Artikel 2.4 1 Bij algemene maatregel van bestuur op de voordracht van Onze Minister van Binnenlandse Zaken en Koninkrijksrelaties, in overeenstemming met Onze Minister of Onze Ministers wie het mede aangaat, kan, met inachtneming van internationaalrechtelijke verplichtingen, op verzoek van een bestuursorgaan, bij wege van experiment worden afgeweken van het bepaalde bij of krachtens:
a. de Elektriciteitswet 1998 voor zover dat geen gevolgen heeft voor de opbrengst van de energiebelasting, bedoeld in de Wet belastingen op milieugrondslag;
b. artikel 9.1, eerste lid, van de Erfgoedwet, voor zover het betreft hoofdstuk II, paragraaf 2, met uitzondering van artikel 11, eerste lid, van de Monumentenwet 1988;
c. de Gaswet, met dien verstande dat de taken die bij of krachtens die wet aan een netbeheerder zijn opgedragen niet worden gewijzigd;
d. de Huisvestingswet 2014;
e. de Leegstandwet;
f. de Warmtewet;
g. de Waterwet, met uitzondering van hoofdstuk 5, artikel 6.5, aanhef en onder c, juncto paragraaf 2 van hoofdstuk 6;
h. de Wet algemene bepalingen omgevingsrecht;
i. de Wet ammoniak en veehouderij;
j. de Wet bodembescherming;
k. de Wet geluidhinder;
l. de Wet geurhinder en veehouderij;
m. de Wet inzake de luchtverontreiniging;
n. de Wet milieubeheer met uitzondering van artikel 5.2b en de artikelen 5.7 tot en met 5.15 en 5.17 tot en met 5.24, met dien verstande dat afwijkingen van de artikelen 5.6 en 5.16 geen gevolgen hebben voor de aanleg, het gebruik, de instandhouding, de verbetering of de vernieuwing van wegen in beheer bij het Rijk;
o. de Wet ruimtelijke ordening;
p. de Woningwet.
2 Er kan uitsluitend toepassing worden gegeven aan het eerste lid indien het experiment bijdraagt aan duurzame ontwikkeling en
a. het experiment bijdraagt aan innovatieve ontwikkelingen; of
b. uitvoering van het experiment bijdraagt aan het versterken van de economische structuur.

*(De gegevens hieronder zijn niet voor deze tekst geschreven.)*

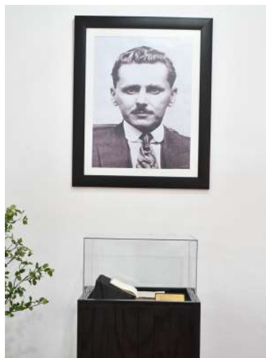
El Instituto Juárez es la sede que alberga todas las obras que representan patrimonio universal

3 Bij de algemene maatregel van bestuur, bedoeld in het eerste lid, wordt bepaald:
a. welke afwijking of afwijkingen van de betrokken in het eerste lid genoemde wet of wetten is of zijn toegestaan;
b. de ten hoogste toegestane tijdsduur van die afwijking of afwijkingen, en
c. de wijze waarop wordt vastgesteld of een afwijking aan haar doel beantwoordt, en of de tijdsduur daarvan aanpassing behoeft.
4 Bij algemene maatregel van bestuur, bedoeld in het eerste lid, kan worden bepaald:
a. aan welke eisen een verzoek voor een afwijking van de in het eerste lid genoemde wetten voldoet;
b. in welke situaties afwijkingen van de in het eerste lid genoemde wetten zijn toegestaan.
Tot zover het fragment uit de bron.